Dari jumlah tersebut, baru Rp15 juta yang dikembalikan. Hingga saat sidang berlangsung, masih terdapat laporan tambahan dari korban lain senilai Rp210 juta dan 38 laporan lain dengan total kerugian Rp3,23 miliar.
Dalam putusan sidang, ujar Kombes Hendra, perilaku Bharatu CR dinyatakan sebagai perbuatan tercela. Ia dijatuhi sanksi etika dan administratif, termasuk meminta maaf kepada pimpinan Polri dan korban, menjalani pembinaan rohani dan profesi, mutasi demosi selama 5 tahun, penundaan pangkat dan pendidikan selama 3 tahun, dan penempatan di tempat khusus selama 30 hari sebelum akhirnya dijatuhi sanksi PTDH.
"Ada kesempatan untuk banding, tapi potensi banding itu diterima hampir tidak ada karena yang bersangkutan sudah empat kali melakukan pelanggaran," ujar Kombes Hendra.
Kabid Humas menuturkan, vonis PTDH tersebut merupakan ketegasan institusi Polri, khususnya Polda Jabar dalam menindak anggota yang melanggar hukum dan kode etik.
"Polda Jabar tidak akan mentolerir setiap bentuk pelanggaran berat. Penegakan hukum terhadap anggota sendiri merupakan bukti bahwa Polri berkomitmen menjaga integritas dan kepercayaan masyarakat," tutur Kabid Humas.

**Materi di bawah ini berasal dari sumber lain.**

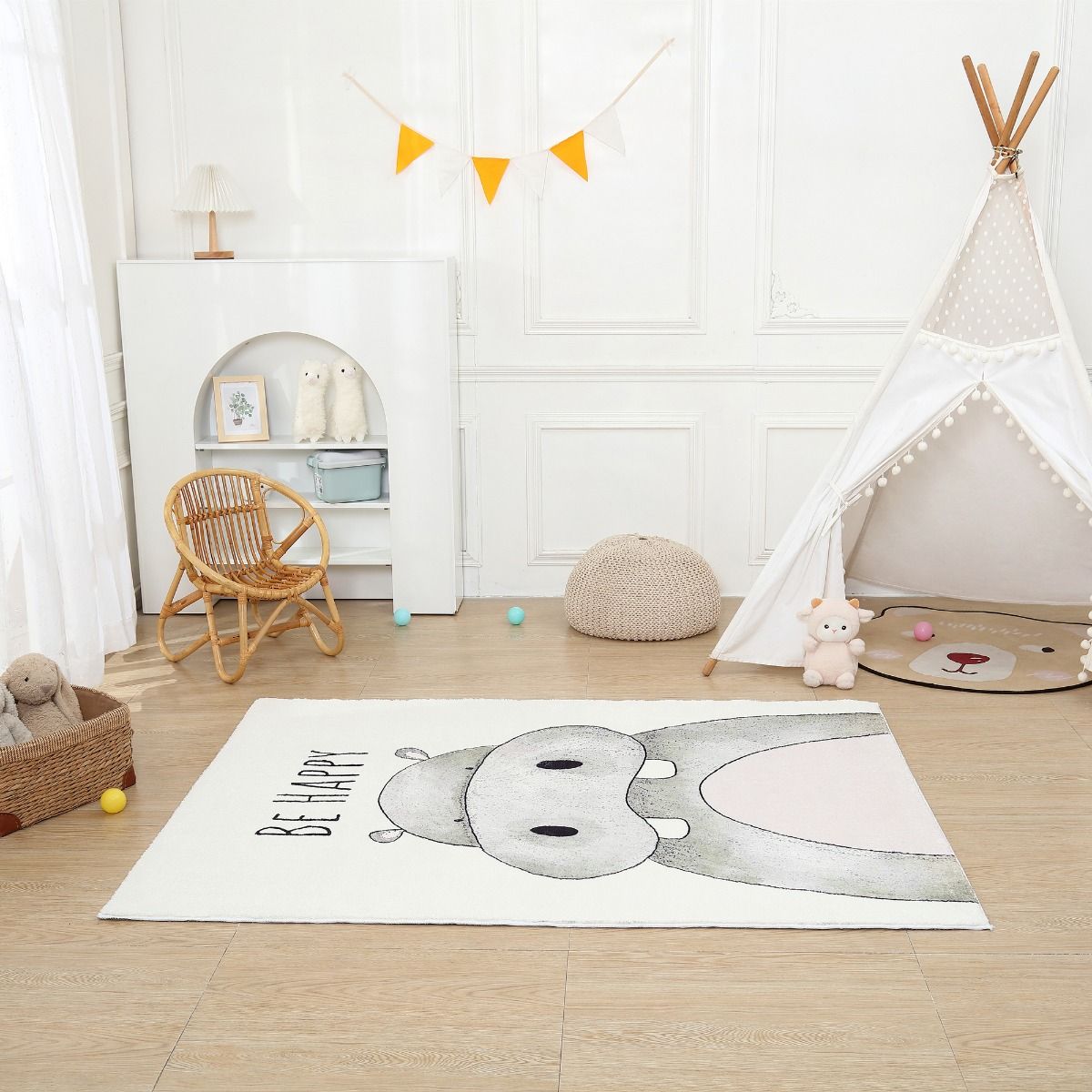 All 4 Kids Hippo Be Happy Rug is exclusively designed for ALL 4 KIDS. It offers a great comfortable space for kids to play and read. It's about 1cm thick and comes with anti slip backing. It's a fantastic decoration for your kids room and will let it stand out.
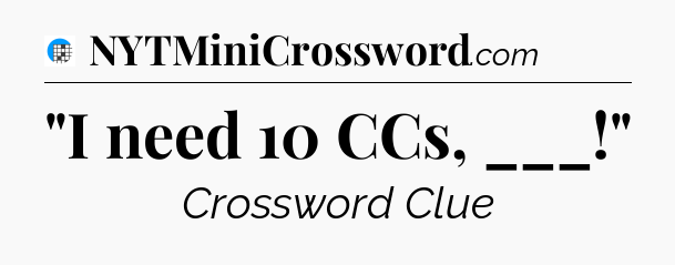 The clue “”I need 10 CCs, ___!”” most recently appeared in a USA Today Crossword on November 20, 2025.
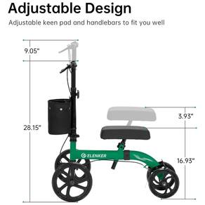 Nossa scooter de andador de joelho se adapta a adultos, recuperando se de uma cirurgia no pé, tornozelo ou perna, pé ou tornozelo quebrado. Com rodas de PVC de , freios de mão com travamento duplo ajustável e freios duplos nas rodas traseiras. Guidão e joelheira totalmente ajustáveis, altura do guidão 86 a , altura da joelheira 50 a Pesa 9 kg, ideal para uso interno e externo. capacidade de peso é de 136 kg. Enquanto a estrutura central frontal é projetada para dobrar o andador no tamanho mais compacto possível, fácil transporte e zenamento Marca: Não Informado

Sementara itu, Kabid Propam Polda Jabar, Kombes Pol Adiwijaya mengatakan, PTDH terhadap CR bersifat final dan sah, sehingga yang bersangkutan sudah tidak berstatus sebagai anggota Polri.
"Yang bersangkutan telah terbukti bersalah dan resmi diberhentikan tidak dengan hormat. Kami tidak akan ragu menindak tegas siapa pun yang menyalahgunakan wewenangnya dan mencoreng institusi," kata Kabid Propam Polda Jabar.
Kombes Adiwijaya menyatakan, keputusan ini diharapkan menjadi peringatan keras bagi seluruh anggota Polri agar menjunjung tinggi profesionalisme dan tidak menyimpang dari etika serta sumpah jabatan.